Dr. James Bernat, a professor of neurology at the Dartmouth-Hitchcock Medical Center, agreed that there are variations in how neurologists and neurosurgeons handle delivering the news to patients. Some are absolute and say the patient is brain dead and treatment will be discontinued, while others give the family time to accept the loss before discontinuing life support. But he said physicians should never provide false hope as long as they have done the exam correctly and determined brain death.

“In the case of brain dead, there is no hope,” Bernat said.

The American Academy of Neurology says brain death occurs when all brainstem reflexes have permanently stopped working. Once the brain's clinical functions are irreversibly lost, a human being is considered to be dead. Brain death is a medically and legally accepted determination of human death in the United States and most of the developed world, according to the AAN guidelines. There is no treatment. The only way to keep a brain-dead patient “alive” is through intensive life support, including ventilator care, which is what the two brain-dead young women are receiving.

The terms brain dead, coma, persistent vegetative state and minimal consciousness aren't as well understood by most doctors as they are by neurologists and neurosurgeons.

“For doctors who don't take care of these patients or make these diagnoses, they wouldn't have a working knowledge,” Bernat said. Consequently, the terms are even more confusing for families, who experts say may translate brain dead as “the brain has died but the body may come back” and hear only “life” when doctors talk about “life support.”

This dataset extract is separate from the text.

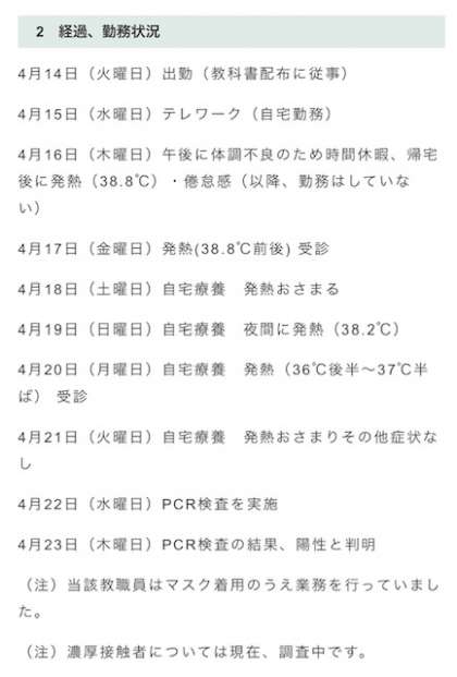 本日、淀川区の新北野中学校の教職員1名に陽性の診断が出ました。学校は生徒の預かり中止、校内の消毒、教職員の自宅待機など対応に入りました。教育委員会ホームページには、上記の内容が掲載されています。マスクは着用されていたようですし、学校としても教科書配付には対策をされていたことでしょう。それでも感染は容赦なく広がっています。学校は決して例外ではありません。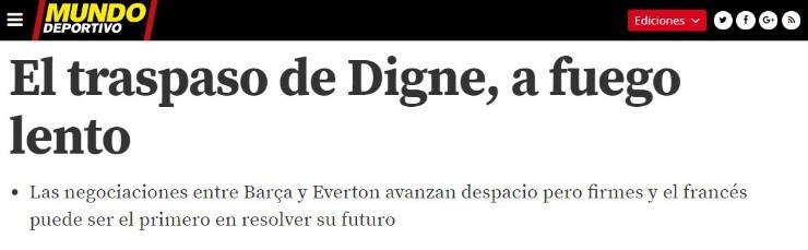 Según detalló Mundo Deportivo, el elenco Blaugranatendría todo encaminado con el Everton para traspasar al jugador. Vale mencionar que las negociaciones, por el momento, avanzan a paso lento pero firme.

AAN guidelines provide clarity on the diagnosis of brain death, and include a checklist to guide clinicians. They note that through clinical neurological assessment, the patient must show, for example, a complete lack of responsiveness, be absent of brainstem reflexes and be unable to breath independently.

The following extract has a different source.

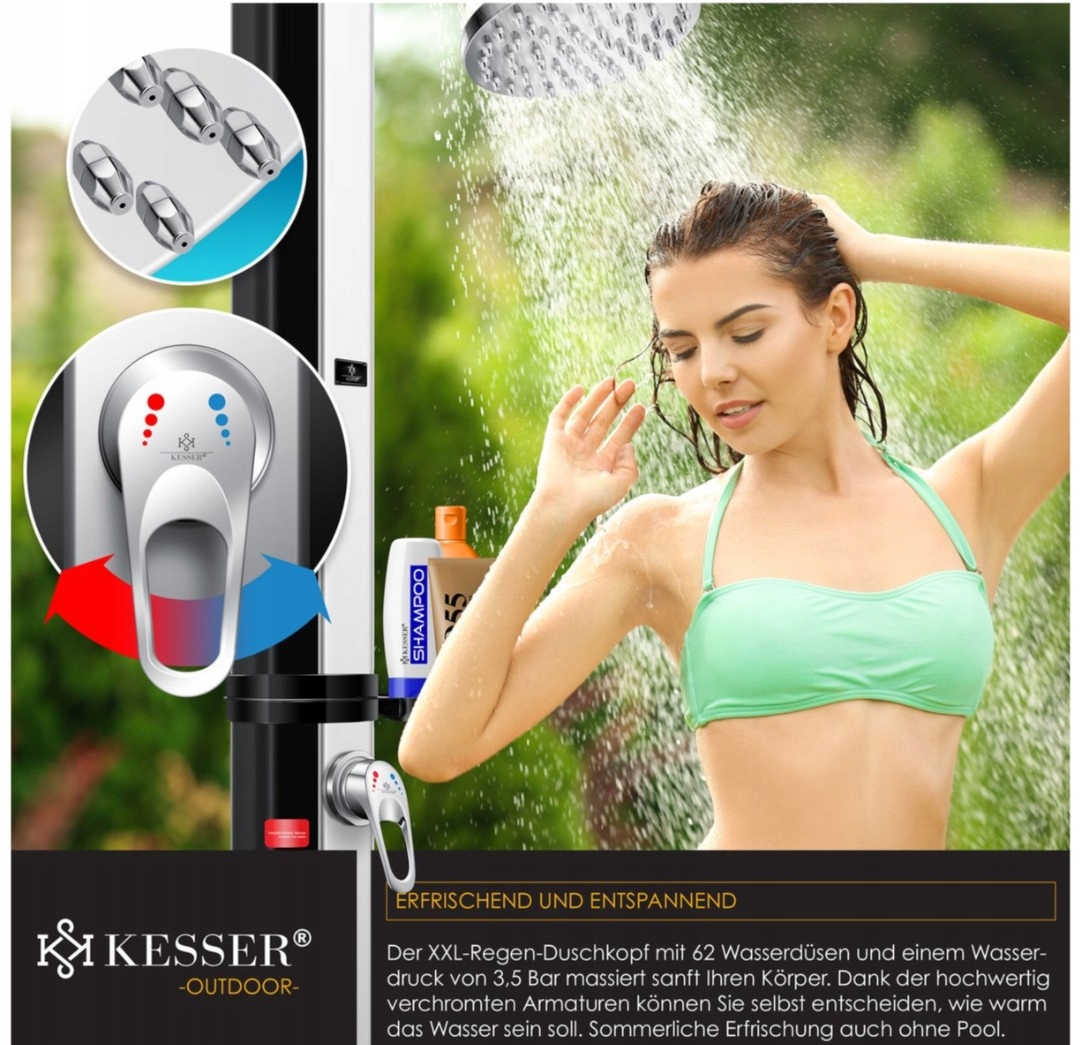 Солнечный душ KESSER®, объем 35 литров, садовый душ, с защитной крышкой, горячая вода, макс. 60 °C, без подключения к электросети, душ для бассейна, кемпинг, тропический душ и кран, подключение шланга п>

Brain death was originally coined in 1959 by French neurologists, and in 1968 the Harvard Ad Hoc Committee on Brain Death published a report that eventually led to the first national legislation around the diagnosis. The term is still relatively new, and determination of the condition “remains an amorphous and unfamiliar concept to most of the public and even to many within the healthcare profession,” wrote the authors of a 2010 report posted in the Virtual Mentor, a monthly bioethics journal published by the American Medical Association. The report argued that “urgent attention” needs to be given to the consistent application of the term.